> _How to complete this task_
Leave out every picture and set down, exactly, the lines below from the one holding "- Keskust (bulleye)" up to and including the one holding "найти аксессуары. |".

> _Task data_
*-*-*
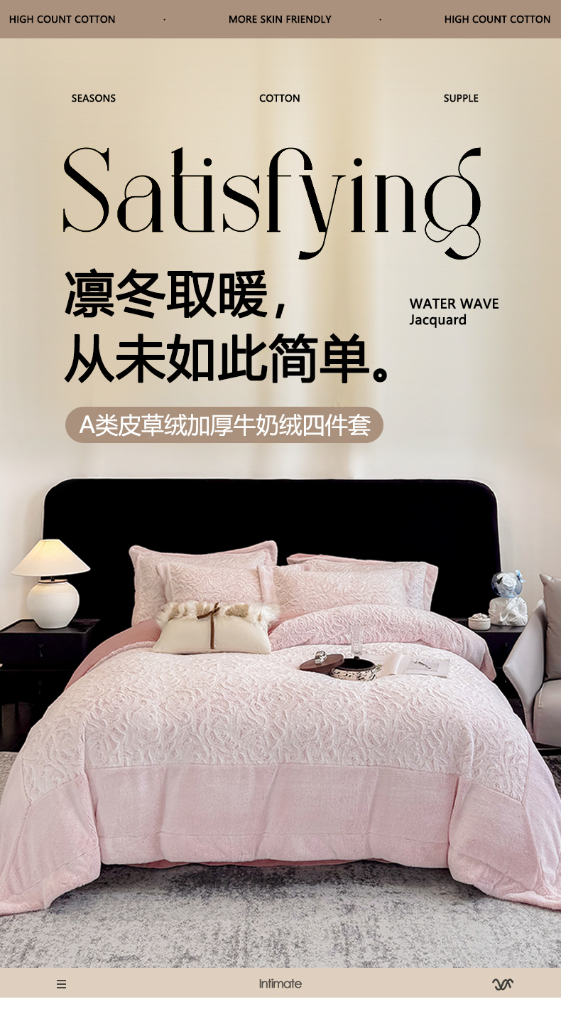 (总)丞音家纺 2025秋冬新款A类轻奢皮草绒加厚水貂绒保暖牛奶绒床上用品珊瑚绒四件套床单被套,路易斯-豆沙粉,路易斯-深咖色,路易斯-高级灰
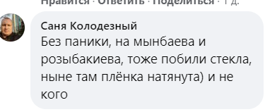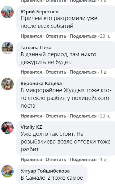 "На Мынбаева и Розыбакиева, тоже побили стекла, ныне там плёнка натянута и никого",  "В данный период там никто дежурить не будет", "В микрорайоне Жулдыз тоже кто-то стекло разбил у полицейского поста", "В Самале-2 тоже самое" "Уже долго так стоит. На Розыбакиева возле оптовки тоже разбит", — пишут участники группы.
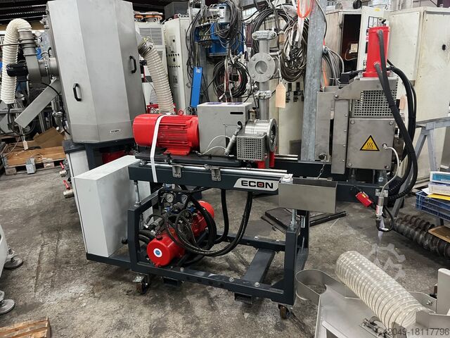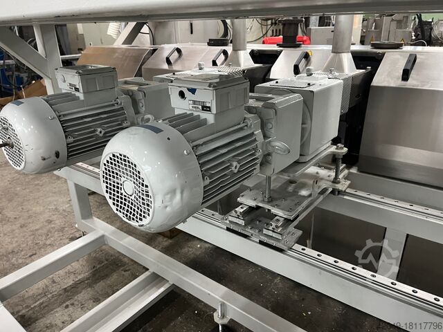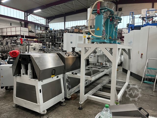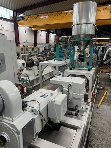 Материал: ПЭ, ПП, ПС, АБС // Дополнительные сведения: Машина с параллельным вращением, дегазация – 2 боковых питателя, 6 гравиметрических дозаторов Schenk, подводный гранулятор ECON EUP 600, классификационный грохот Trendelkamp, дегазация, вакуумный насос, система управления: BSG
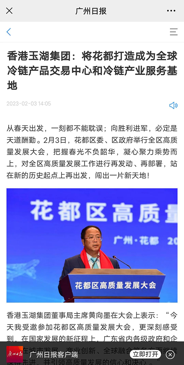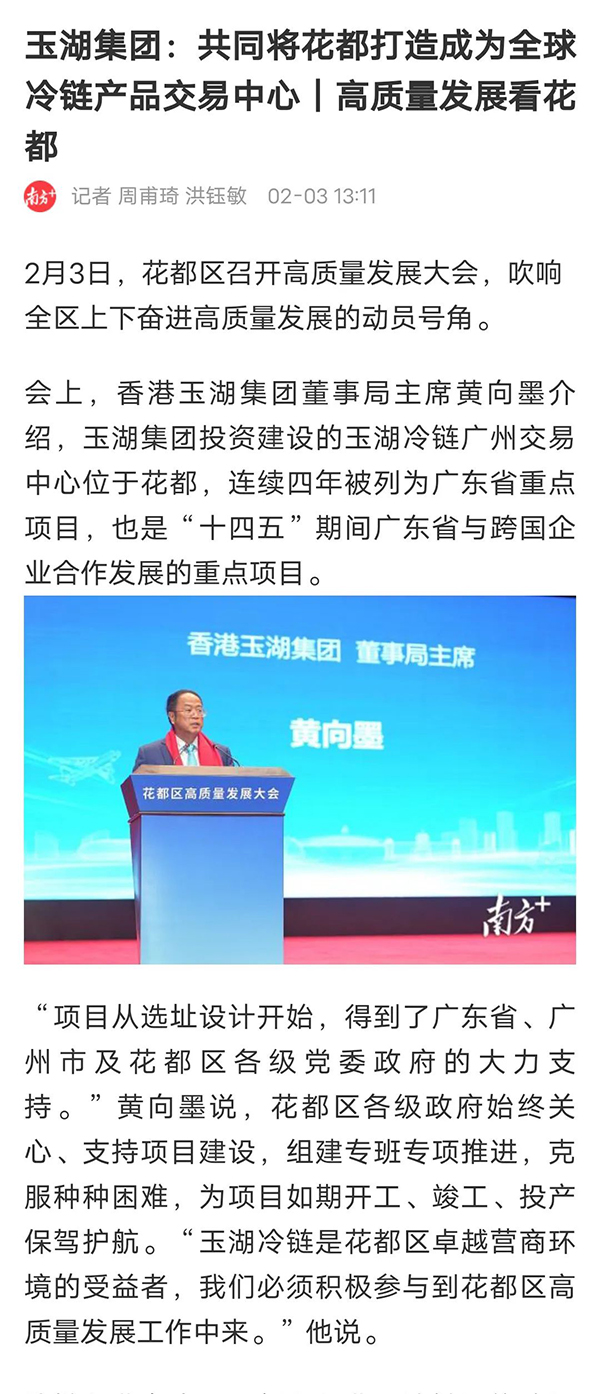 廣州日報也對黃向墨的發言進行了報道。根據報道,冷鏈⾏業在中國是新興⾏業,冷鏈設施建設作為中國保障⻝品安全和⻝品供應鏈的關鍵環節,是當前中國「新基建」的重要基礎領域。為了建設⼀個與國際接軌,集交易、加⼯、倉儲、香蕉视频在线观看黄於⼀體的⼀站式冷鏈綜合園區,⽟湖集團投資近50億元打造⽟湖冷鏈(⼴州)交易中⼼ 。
*-*-*
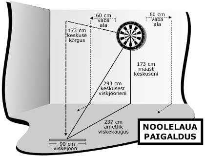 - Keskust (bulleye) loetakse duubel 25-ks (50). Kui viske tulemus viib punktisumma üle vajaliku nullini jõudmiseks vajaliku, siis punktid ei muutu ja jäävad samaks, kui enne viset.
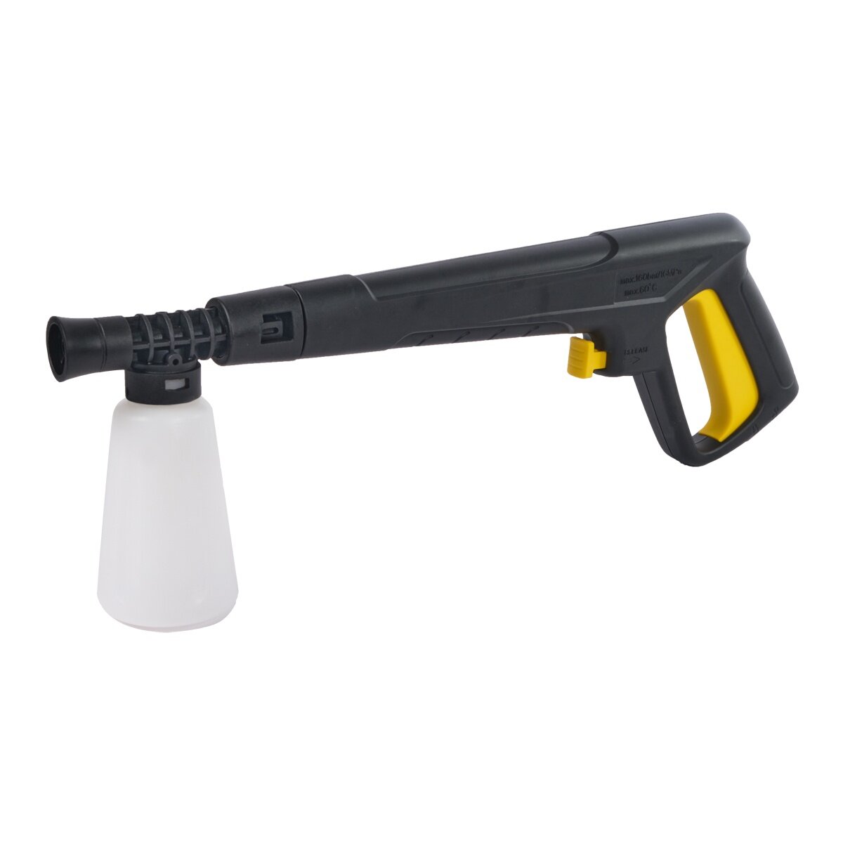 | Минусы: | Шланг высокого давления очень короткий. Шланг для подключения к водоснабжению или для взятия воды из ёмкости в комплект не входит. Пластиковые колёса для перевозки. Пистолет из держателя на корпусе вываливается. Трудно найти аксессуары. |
*-*-*
> _Task response_
 - Keskust (bulleye) loetakse duubel 25-ks (50). Kui viske tulemus viib punktisumma üle vajaliku nullini jõudmiseks vajaliku, siis punktid ei muutu ja jäävad samaks, kui enne viset.
 | Минусы: | Шланг высокого давления очень короткий. Шланг для подключения к водоснабжению или для взятия воды из ёмкости в комплект не входит. Пластиковые колёса для перевозки. Пистолет из держателя на корпусе вываливается. Трудно найти аксессуары. |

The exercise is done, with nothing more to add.